A gender strategy outlines an organization’s overall approach to gender equality and inclusion and provides a framework to define and implement measurable and trackable goals and actions. It also formally articulates an organization’s commitment to achieving gender equality outcomes and builds in accountabilities by assigning responsibilities to people within the organization. The process of designing a gender strategy can be catalytic for an organization, giving individuals the opportunity to think about and discuss gender and inclusion and beginning a process of integrating gender equality into the organizational culture. 

Through this support to over 30 GCC-funded innovators, Kore Global has learned a lot about what works best for gender strategy development. Broadly, we recommend that a gender strategy is based on five key building blocks which are: Vision Statement; Methodology; Gender Analysis Findings; Gender Equality Priorities; and Implementation and Monitoring & Evaluation Plan.

Here are some top tips on designing gender strategies based on Kore Global’s experience with GCC-funded innovators:

  • The gender strategy should be right-sized to the organization. Different organizations are at different stages of their gender equality journeys and the strategy should provide the organization with clear, realistic goals. It is not always necessary to add new initiatives to what an organization is already doing; bringing a gender lens to existing activities can be a starting point. 

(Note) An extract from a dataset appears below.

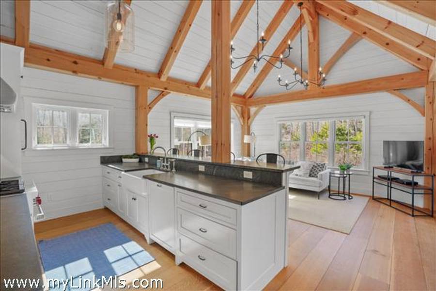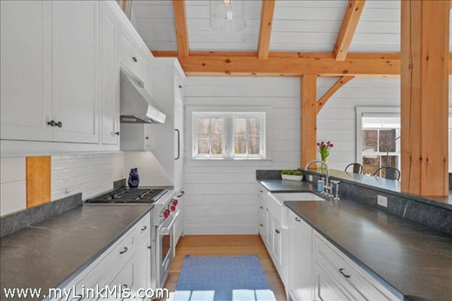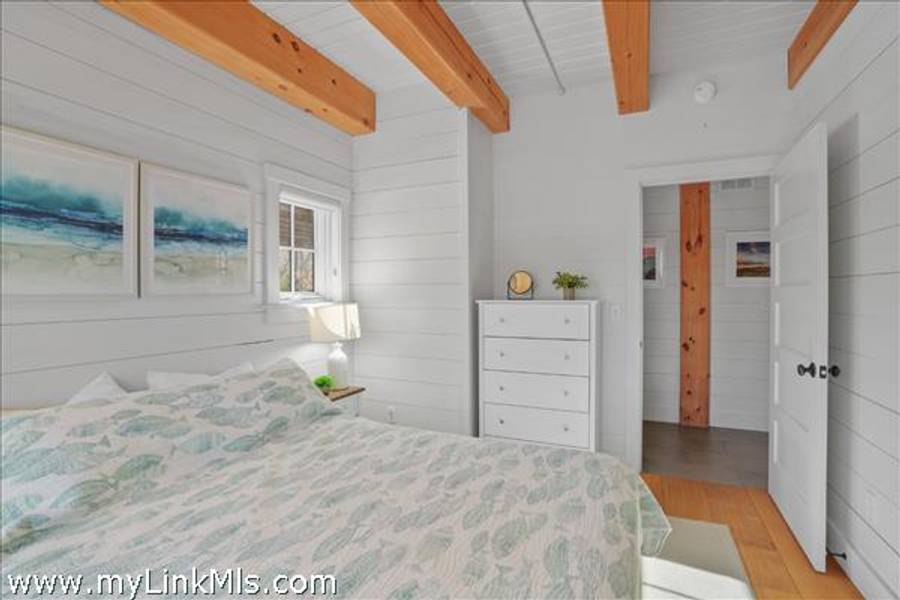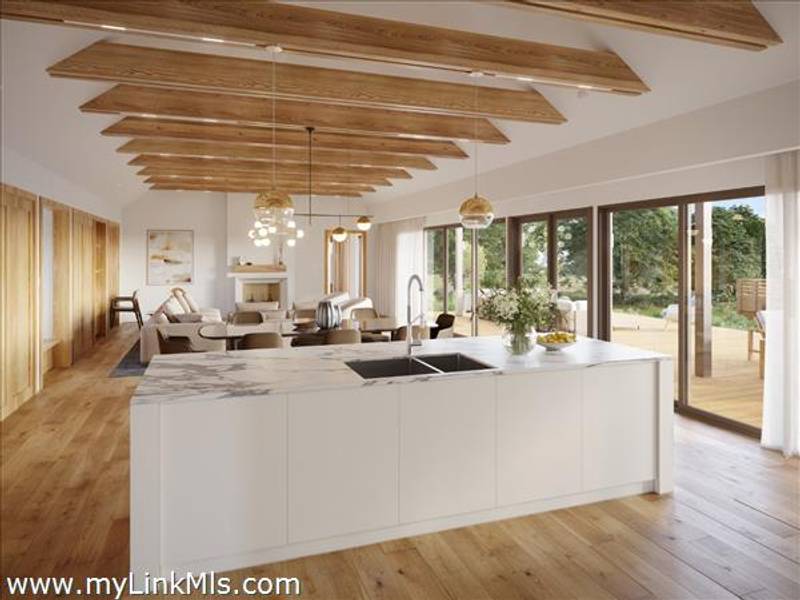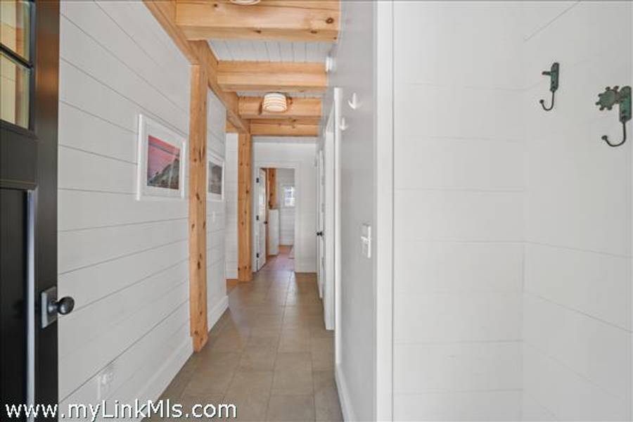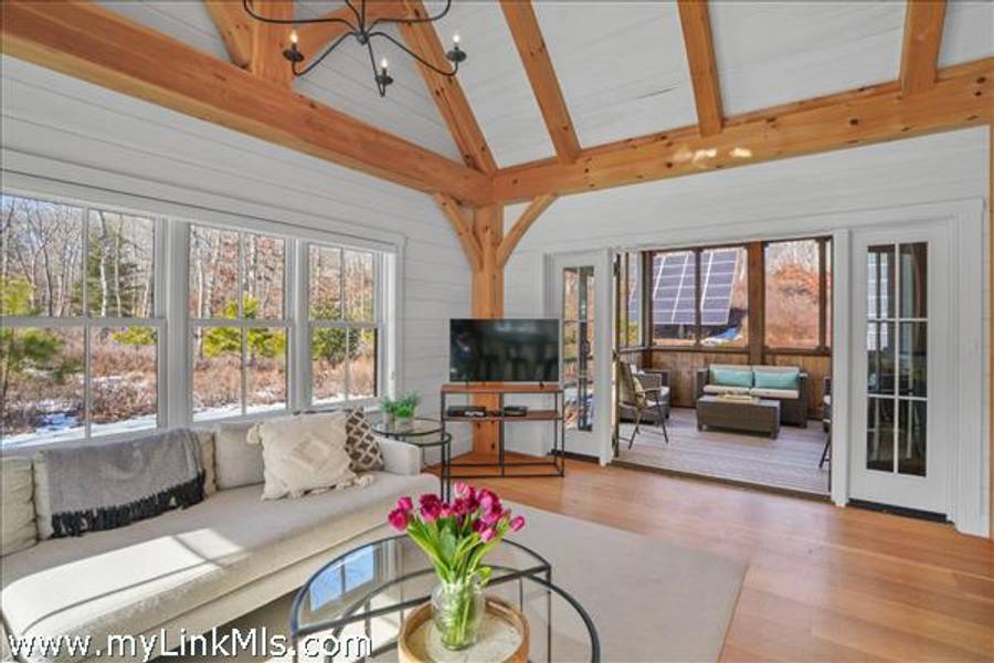 An existing guest house (2016) is adorned with beautiful beams throughout, with nickel-board and shiplap covering the walls and ceilings, providing an exquisite coastal feel. Currently, the estate features an approximately 942 sq ft high-end guest house with two luxurious bedrooms and a loft space. This guest house is equipped with all the modern conveniences and sophisticated features you could desire, ensuring comfort and style. Beautiful Kitchen- the kitchen is the heart of the home, designed with both aesthetics and functionality in mind. It includes: state-of-the-art appliances, including a Wolf stove, Miele dishwasher and fridge/freezer. The soapstone island countertop is situated in the middle of the kitchen and living room, making entertaining a breeze. Warm Living Room- the bright living room is designed to be the perfect spot for relaxation and family time. Features include: an open concept design that’s seamless integration with the kitchen and three season porch, creating an expansive, unified space perfect for entertaining and everyday living. The home has windows strategically placed to maximize natural light and provide stunning views of the outdoors, enhancing the homes’s warmth and openness. With the sunporch being directly off the living room, it makes for a delightful addition, offering a versatile space that can be enjoyed for three seasons. It is bathed in sunlight throughout the day, enhancing the overall brightness of the home and providing a peaceful retreat. The overall floor plan emphasizes openness and natural light, with each room flowing seamlessly into the next. The use of large windows and thoughtful design elements ensures that every part of the home feels connected to the outdoors, creating a harmonious living environment. By combining thoughtful design with practical living spaces, this main level floor plan offers comfort, beauty, and functionality, making it an ideal setting for both everyday living and entertaining.

  • The methodology for the gender strategy should be based on organizational capacity. The methodology can range from a simple, lighter-touch approach where for instance a gender focal point takes the responsibility for designing the strategy and presenting it to the organization. A more participatory and higher-touch approach could involve staff surveys, community consultations and focus groups, as well as desk research on key gender issues. This approach is more transformative but can also be time-consuming and requires resources that not all organizations have.

  • A gender analysis is at the heart of a gender strategy, as it identifies the specific barriers, challenges and opportunities faced by individuals with different gender identities in a particular context. The analysis should be relevant to the intervention the organization is implementing but also consider the wider socioeconomic and political context. An intersectional analysis will consider multiple, overlapping and intersecting identities for a more nuanced understanding of exclusion and marginalization. 

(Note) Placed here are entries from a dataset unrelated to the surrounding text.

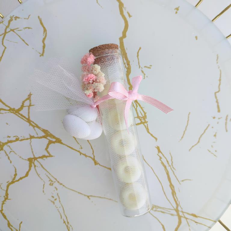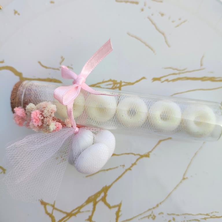 Μπομπονιέρα γυάλινος σωλήνας με 5 wax melts σε σχήμα ντόνατ, σε χρώμα και άρωμα της επιλογής σας.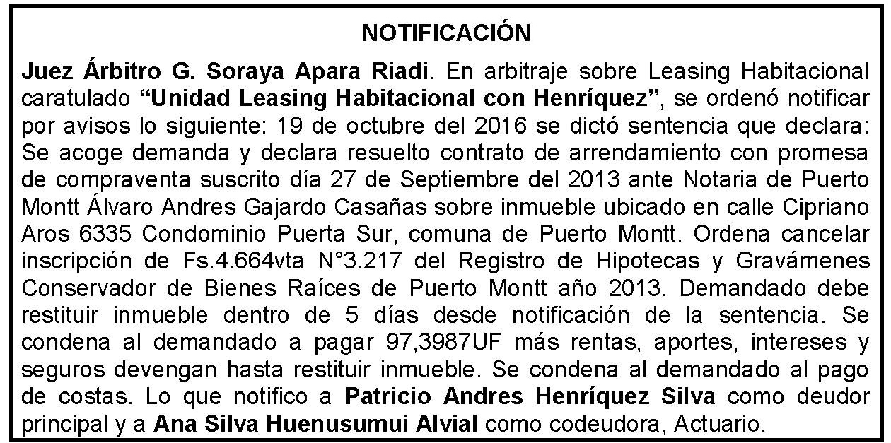 Notificación por Aviso a Patricio Andres Henríquez Silva, Compromiso Caratulado "Unidad Leasing Habitacional con Henríquez" Fallo.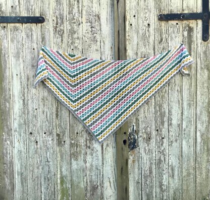 Crochet pattern for a colourful triangular shawl.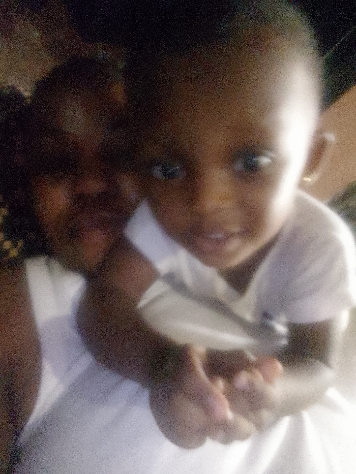 This low-resolution, blurry image depicts two individuals in the city of Warri, Nigeria. A young child, likely a toddler, with dark skin and short dark hair, is prominent in the foreground, looking directly at the camera. The child wears a light-colored, possibly white, collared shirt and a small, gold-colored earring in the right earlobe. Their hands are clasped together centrally, indistinctly holding an unidentified object. Behind and to the left of the child, an adult with dark skin is partially visible, wearing a light-colored garment. The background is dark and out of focus, devoid of specific environmental identifiers. The scene appears to be an informal indoor or low-light outdoor setting.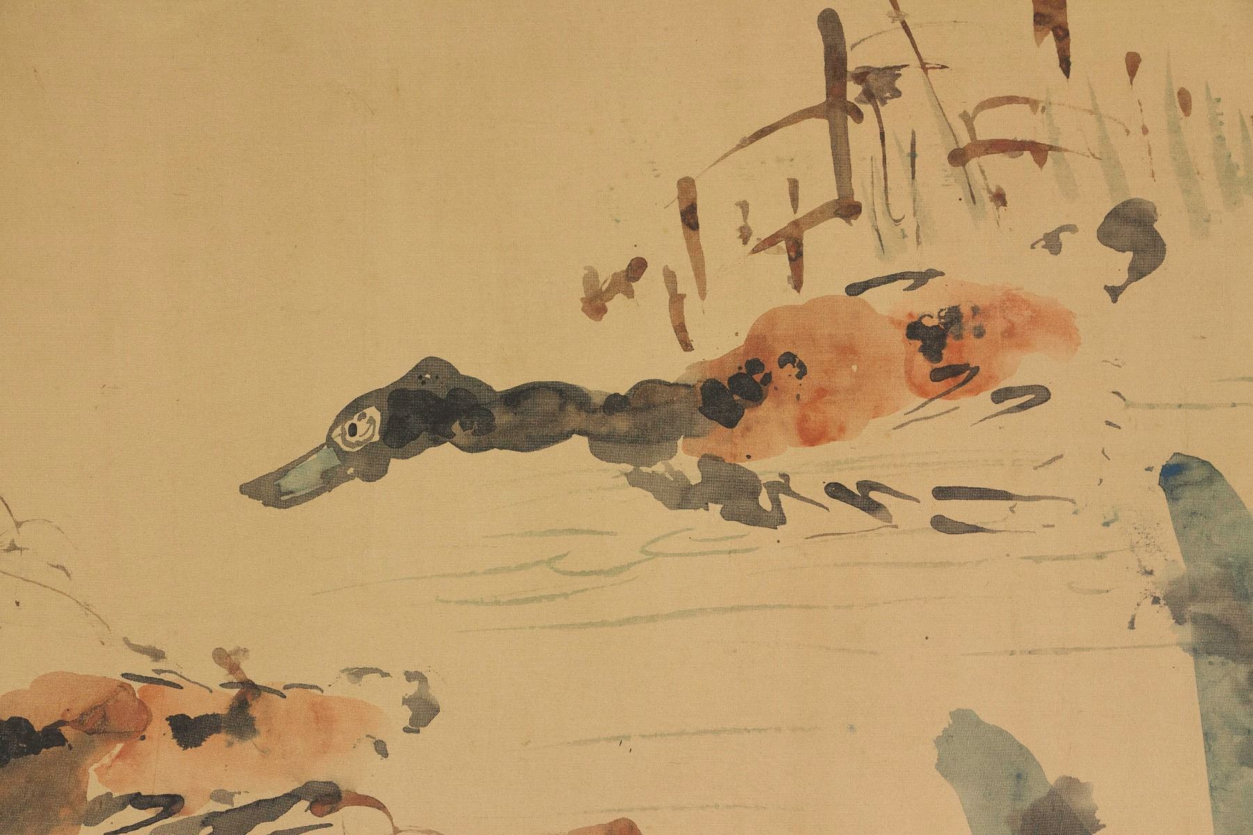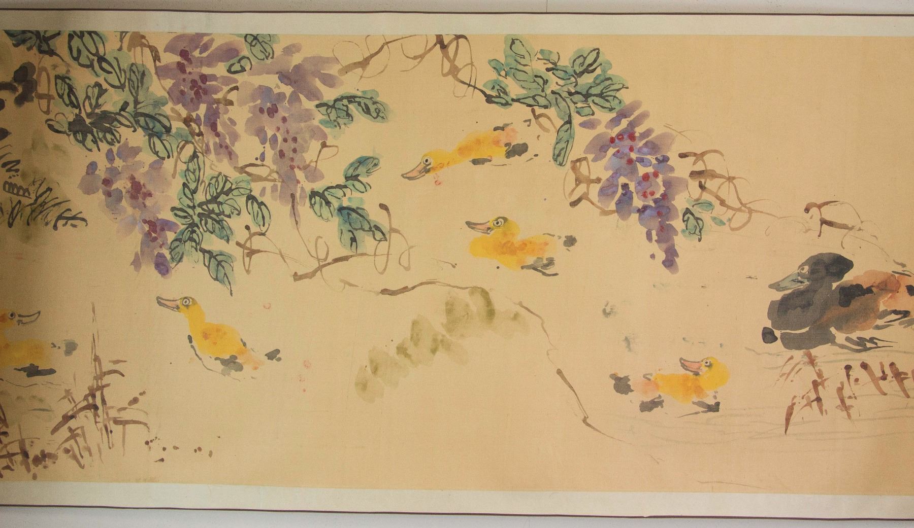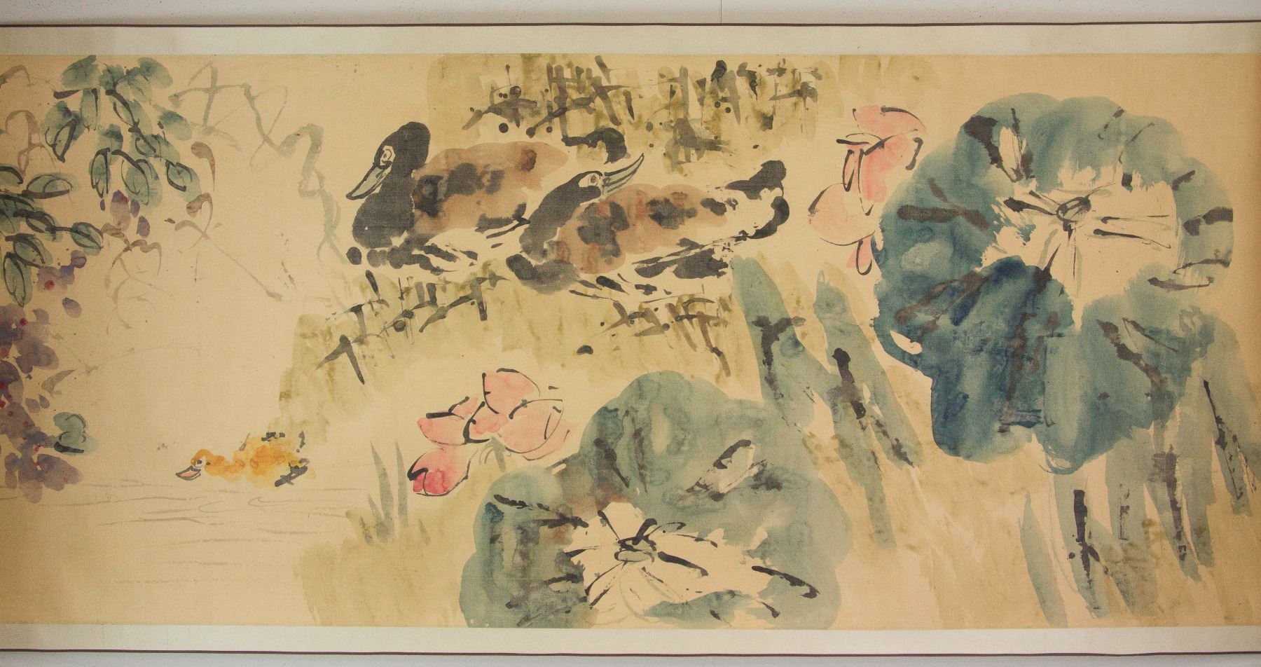 Scene of pond in early summer including lotus, duck and flowers; Chinese ink and watercolour on silk; hand scroll; signed Liang Qi; inscribed with 4 artist seals; 64 cm x 780 cm

  • The strategy must have an implementation and monitoring and evaluation plan with clear, measurable and time-bound actions that give the organization something to aim for within a particular program or funding cycle. This helps avoid the risk of gender priorities being postponed or forgotten. 

  • Accountabilities must be in place including how and when the strategy will be reviewed and reported on and who is accountable for its implementation in senior management. This ensures that gender and inclusion work is prioritized within the organization. 

  • The organization must have the adequate capacity and resources to achieve its gender equality priorities. This is why it’s so important to make sure the strategy is realistic and right-sized. The organization can then identify any resource gaps that can be filled either internally or externally.